Exercise objective - From the material below, please set down exactly the lines starting with the one with "в Кызыле купить" and going on through the one with "100% sustainable cotton-made", without a single picture.

Provided records -
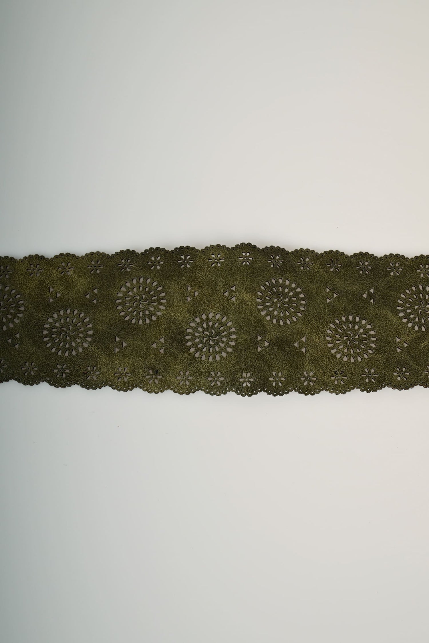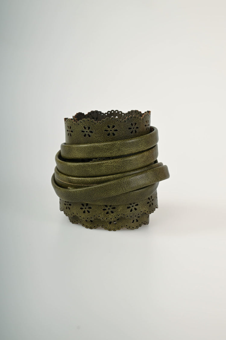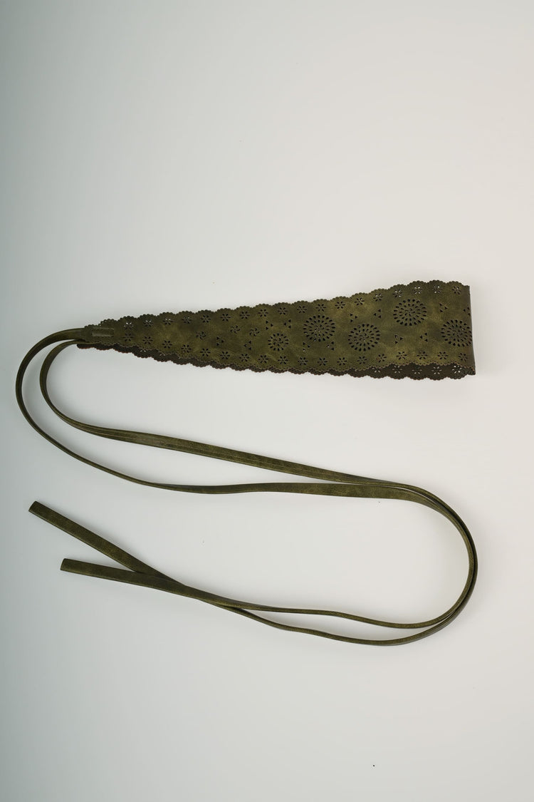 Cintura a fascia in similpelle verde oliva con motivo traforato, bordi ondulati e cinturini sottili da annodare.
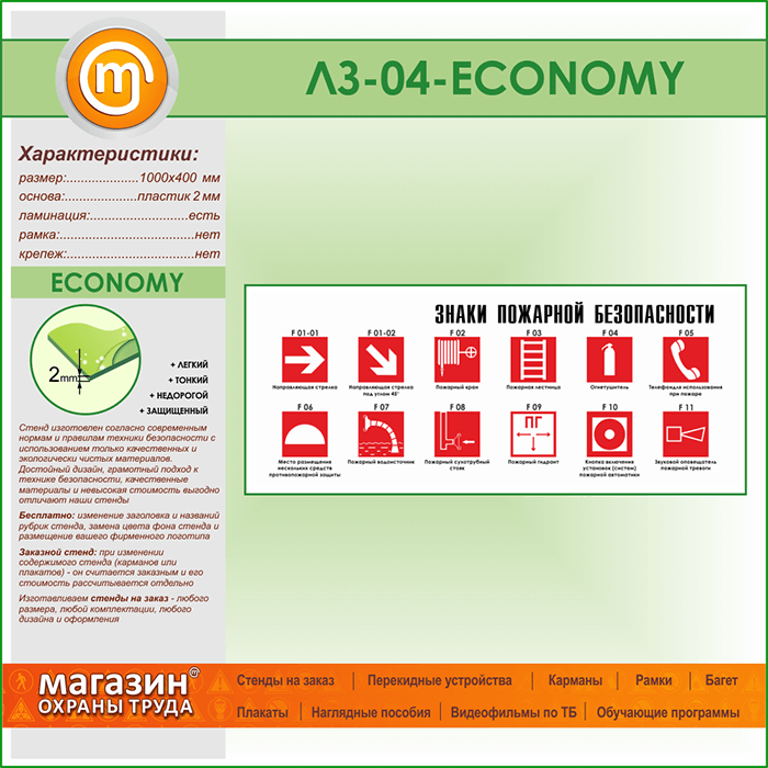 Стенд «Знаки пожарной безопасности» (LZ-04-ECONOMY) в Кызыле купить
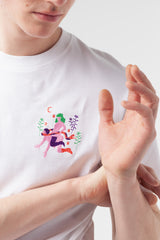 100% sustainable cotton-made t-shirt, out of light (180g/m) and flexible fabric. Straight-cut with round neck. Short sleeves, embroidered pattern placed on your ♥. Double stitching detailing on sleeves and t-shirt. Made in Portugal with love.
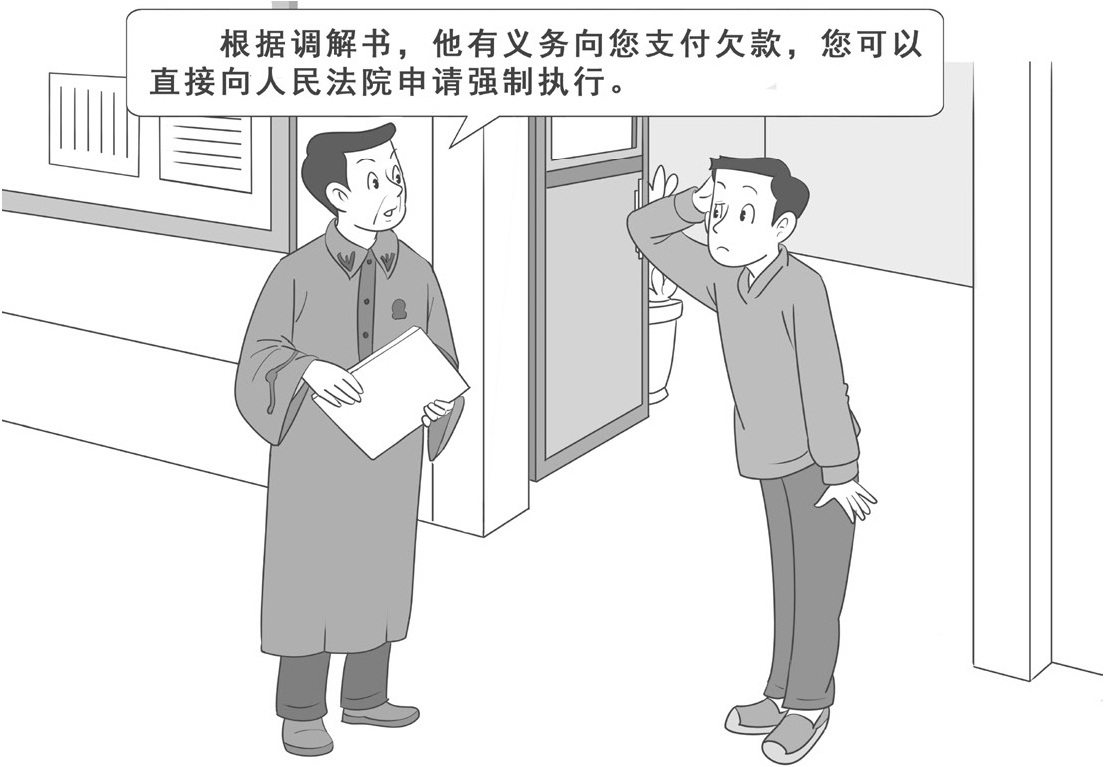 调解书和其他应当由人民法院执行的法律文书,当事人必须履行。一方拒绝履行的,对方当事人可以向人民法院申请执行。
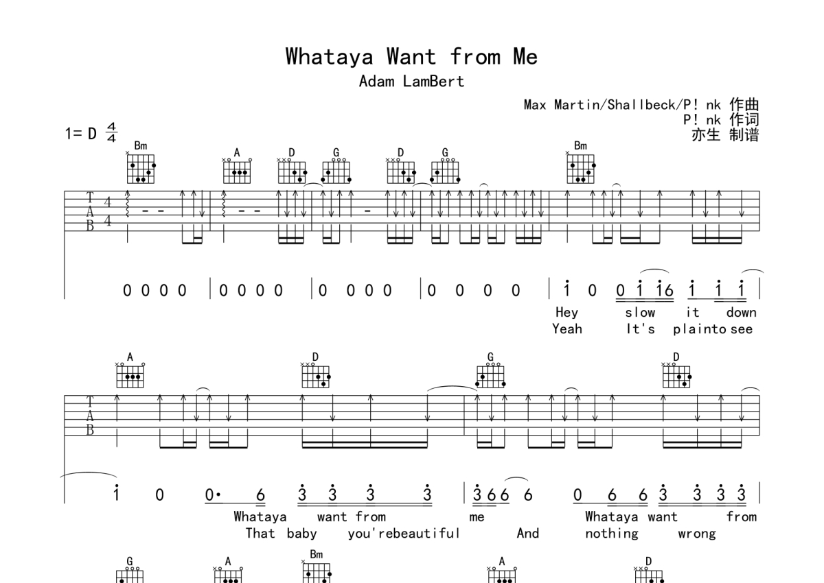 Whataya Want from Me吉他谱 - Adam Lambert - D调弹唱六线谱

--

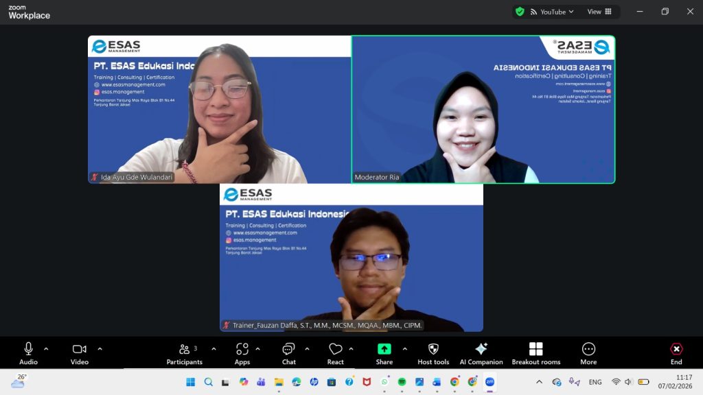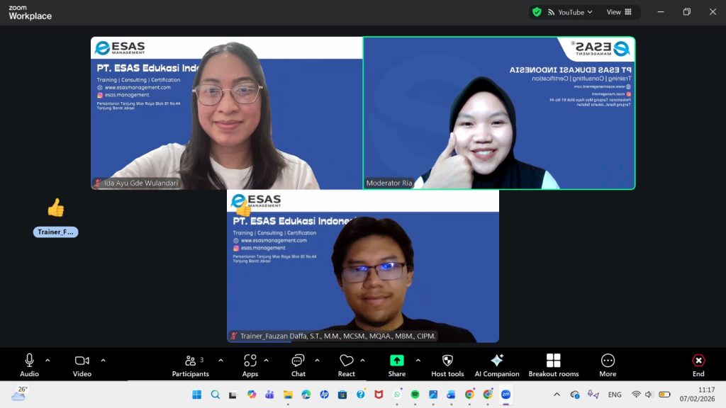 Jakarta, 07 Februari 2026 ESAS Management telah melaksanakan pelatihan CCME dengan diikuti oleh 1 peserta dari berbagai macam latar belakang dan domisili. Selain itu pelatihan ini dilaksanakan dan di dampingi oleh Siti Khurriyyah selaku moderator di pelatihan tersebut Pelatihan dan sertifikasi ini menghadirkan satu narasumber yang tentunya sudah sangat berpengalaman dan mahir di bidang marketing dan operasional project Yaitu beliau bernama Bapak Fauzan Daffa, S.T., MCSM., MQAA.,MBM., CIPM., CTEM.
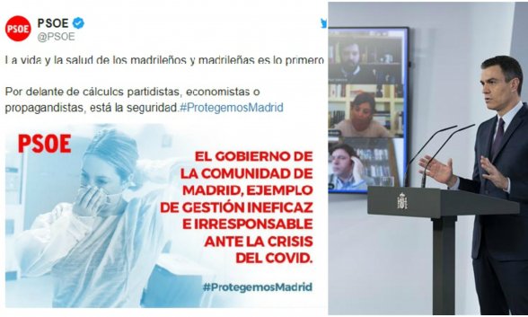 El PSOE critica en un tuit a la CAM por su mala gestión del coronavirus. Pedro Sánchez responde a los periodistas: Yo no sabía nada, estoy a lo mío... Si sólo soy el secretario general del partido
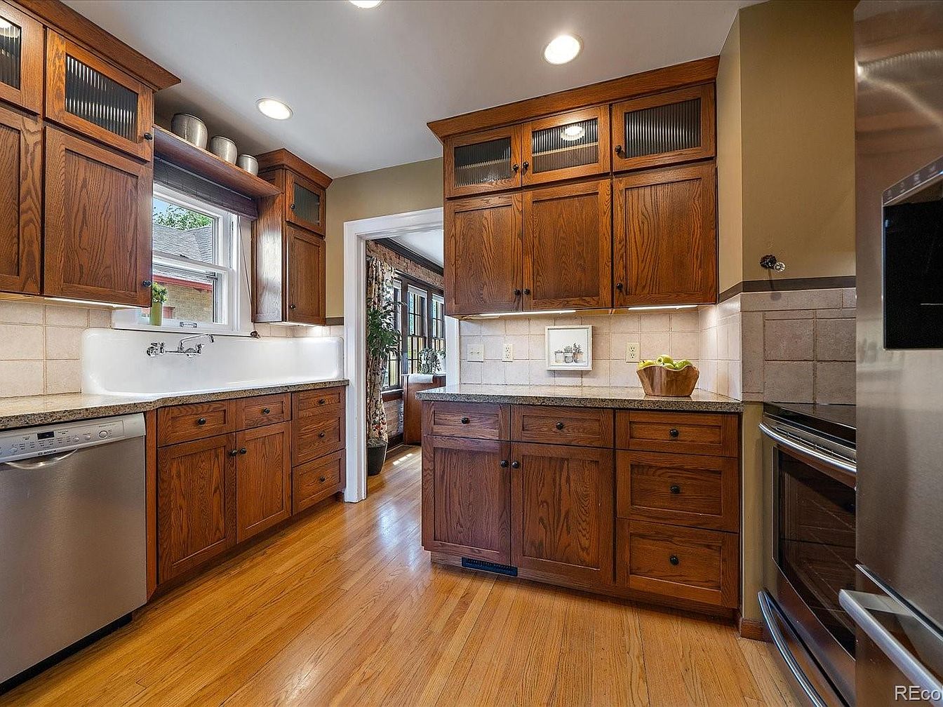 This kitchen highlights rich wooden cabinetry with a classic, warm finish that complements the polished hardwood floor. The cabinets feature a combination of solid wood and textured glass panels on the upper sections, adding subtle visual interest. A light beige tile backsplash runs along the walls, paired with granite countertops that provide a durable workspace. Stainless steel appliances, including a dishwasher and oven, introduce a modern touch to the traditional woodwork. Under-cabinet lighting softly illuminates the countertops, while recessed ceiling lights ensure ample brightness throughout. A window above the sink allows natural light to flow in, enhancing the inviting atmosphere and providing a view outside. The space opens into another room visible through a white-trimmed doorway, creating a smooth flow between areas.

Exercise result -
 Стенд «Знаки пожарной безопасности» (LZ-04-ECONOMY) в Кызыле купить
 100% sustainable cotton-made t-shirt, out of light (180g/m) and flexible fabric. Straight-cut with round neck. Short sleeves, embroidered pattern placed on your ♥. Double stitching detailing on sleeves and t-shirt. Made in Portugal with love.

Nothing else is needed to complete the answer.